19.3 Discharging a Capacitor


2026 Syllabus Objectives

By the end of these notes, you should be able to:

  1. Analyse graphs of the variation with time of potential difference, charge, and current for a capacitor discharging through a resistor.
  2. Recall and use τ = RC for the time constant of a discharging capacitor.
  3. Use equations of the form x = x₀ e^(−t/RC) where x can represent current, charge, or potential difference.

1. What Happens When a Capacitor Discharges?

A capacitor is a component that stores electrical charge on two conducting plates. When you connect a charged capacitor to a resistor (and disconnect the battery), the capacitor begins to discharge — it pushes its stored charge around the circuit through the resistor.
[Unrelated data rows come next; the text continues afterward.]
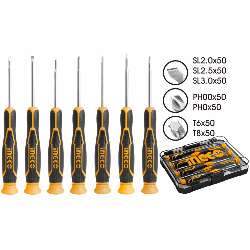 Набор прецизионных отверток 7шт INGCO HKSD0718точныйручной инструмент для выполнения мелких крепежных операций.
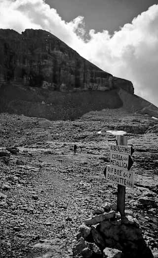 Nach einer wohl verdienten Stärkung auf der Pisciadù Hütte und einer Rast am gleichnamigen See geht es steil bergan auf das karge Hochplateau des Sella Stocks. Hier überschreitet man kaum merklich den höchsten Punkt der gesamten Tour mit 2.962 m.
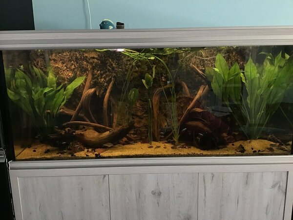 Hij is wel mooi, maar toch vindt ik de Bleheri niet zo mooi, moet ze weer behoorlijk terugsnoeien omdat er bladeren bij zitten met gaten langs de randen, ik verdenk de Sturisoma’s ervan om dit te doen. Ze zetten wel steeds nieuwe bladeren.
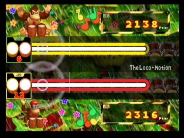 Sorti en novembre 1998 sur Playstation, Bust-A-Groove est sans doute celui qui a réussi l'une des plus belles percées en Occident, grâce à des graphismes colorés et des thèmes musicaux entraînants. Nous pourrions également citer Parappa The Rapper qui, un an plutôt, n'a pas tremblé au moment de franchir les frontières asiatiques pour se frotter aux exigences des sony-boys de l'Ouest. De son coté, la Sonic Team nous a gâtés avec son excellentissime Samba de Amigo et ses maracas taillés sur mesure pour la Dreamcast, tandis qu'aujourd'hui Konami ne compte même plus les temps auxquels est conjugué son mythique Dance Dance Revolution. Rythmés sur des soundtracks faits maison lorsqu'ils ont pointé le bout de leur nez sur la scène vidéoludique, ces musical games ont, par la suite, repris des morceaux connus dans le monde entier. Mieux encore, ils ont su remplacer les manettes par des accessoires qui permettent de réaliser de véritables chorégraphies dignes des danseuses de Kamel Ouali. Et pour les musiciens en herbe, les instruments factices ne manquent pas : guitares, batteries, platines vinyl... C'est donc dans un secteur déjà fourni que débarque Donkey Konga, un jeu que Shigeru Miyamoto apprécie certainement; lui qui n'a jamais caché son admiration pour Samba de Amigo et qui avait fait la promesse au Gamecube de lui offrir un jeu au concept similaire. Avec l'expérience de Namco, à qui l'on doit Taiko No Tatsujin sur Playstation 2, les kongas sont prêts à vibrer pour notre plus grand plaisir.

Here is what happens physically, step by step:

  • At the very start of discharge, there is a large amount of charge on the plates. This means there is a large potential difference (voltage) across the plates, which drives a large current through the resistor.
  • As charge flows off the plates, the amount of charge stored decreases. This means the potential difference also decreases, so the current decreases too.
  • Eventually, the plates have equal numbers of electrons on each side — the charge is zero, the voltage is zero, and the current is zero. The capacitor is fully discharged.

Key idea: As the capacitor discharges, the charge, potential difference, and current all decrease together. They do not drop at a steady rate — they fall quickly at first, then more and more slowly. This type of decrease is called exponential decay.


2. The Discharge Circuit

A typical discharge circuit contains:

  • A capacitor (C) — the component being discharged
  • A resistor (R) — the component the charge flows through
  • An ammeter — to measure the current at different times

When the circuit is closed (the switch is flipped to disconnect the battery and connect the resistor), discharge begins immediately.

The resistance affects how quickly the capacitor discharges:

  • A high resistance means the current is small, so charge flows slowly off the plates. The capacitor takes a long time to discharge.
  • A low resistance means the current is large, so charge flows quickly. The capacitor discharges rapidly.